[ABOUT THIS TASK] Among the records that follow, set down only the lines from the one containing "9月11日,英姿飒爽的大连女骑警在 2009 夏季达沃斯年会主会场世界博览广" to the one containing "行改造的重任。与国际上先进的能源技术相比,中 国能源转换效率普遍低 15%到", both included, exactly.

[AVAILABLE DATA]
------------------------------
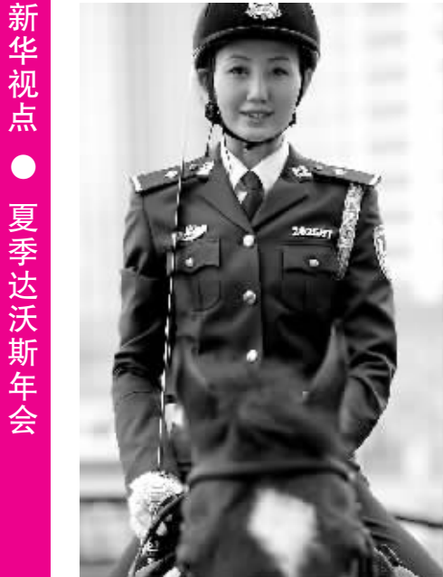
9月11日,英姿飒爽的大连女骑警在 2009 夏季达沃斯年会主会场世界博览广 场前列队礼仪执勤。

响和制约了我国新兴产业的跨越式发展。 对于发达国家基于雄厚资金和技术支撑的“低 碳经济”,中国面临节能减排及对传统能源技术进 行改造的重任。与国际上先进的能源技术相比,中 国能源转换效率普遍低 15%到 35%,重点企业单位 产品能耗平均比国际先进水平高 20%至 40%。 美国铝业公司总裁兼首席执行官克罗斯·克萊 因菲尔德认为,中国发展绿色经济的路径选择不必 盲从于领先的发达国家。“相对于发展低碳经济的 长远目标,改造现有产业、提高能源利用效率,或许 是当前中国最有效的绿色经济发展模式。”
------------------------------
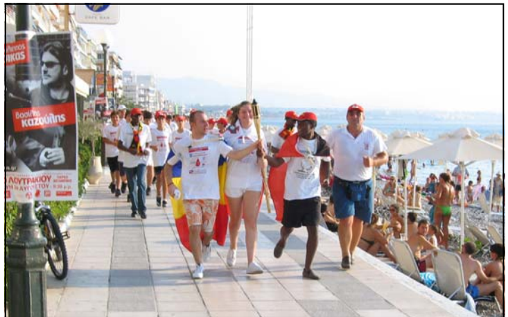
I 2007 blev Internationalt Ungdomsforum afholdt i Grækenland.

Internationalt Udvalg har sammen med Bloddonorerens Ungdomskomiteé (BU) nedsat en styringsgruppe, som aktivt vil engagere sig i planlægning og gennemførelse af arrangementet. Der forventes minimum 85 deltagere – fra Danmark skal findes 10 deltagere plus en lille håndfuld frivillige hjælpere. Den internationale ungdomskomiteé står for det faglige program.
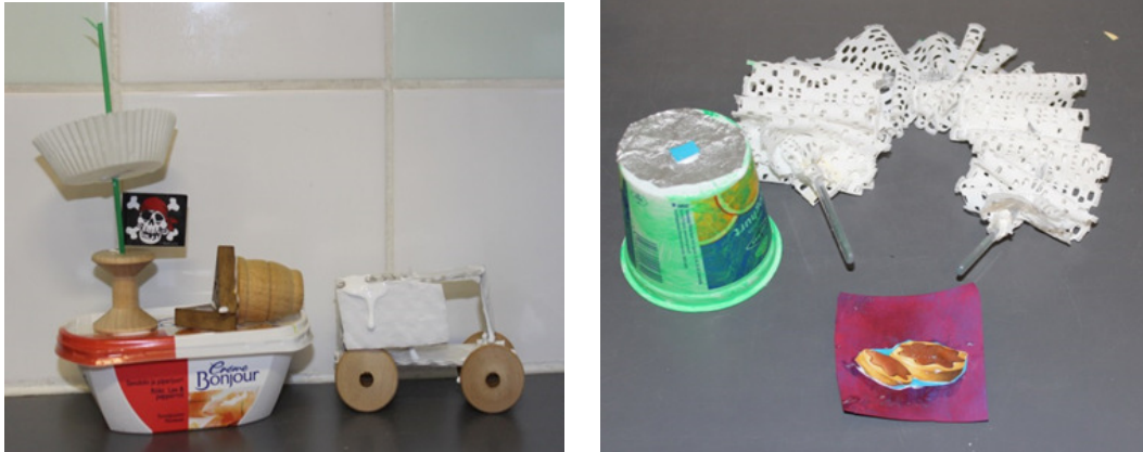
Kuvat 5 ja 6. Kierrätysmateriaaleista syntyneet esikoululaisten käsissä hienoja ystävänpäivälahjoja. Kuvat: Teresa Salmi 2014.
------------------------------
[YOUR SOLUTION]
9月11日,英姿飒爽的大连女骑警在 2009 夏季达沃斯年会主会场世界博览广 场前列队礼仪执勤。

响和制约了我国新兴产业的跨越式发展。 对于发达国家基于雄厚资金和技术支撑的“低 碳经济”,中国面临节能减排及对传统能源技术进 行改造的重任。与国际上先进的能源技术相比,中 国能源转换效率普遍低 15%到 35%,重点企业单位 产品能耗平均比国际先进水平高 20%至 40%。 美国铝业公司总裁兼首席执行官克罗斯·克萊 因菲尔德认为,中国发展绿色经济的路径选择不必 盲从于领先的发达国家。“相对于发展低碳经济的 长远目标,改造现有产业、提高能源利用效率,或许 是当前中国最有效的绿色经济发展模式。”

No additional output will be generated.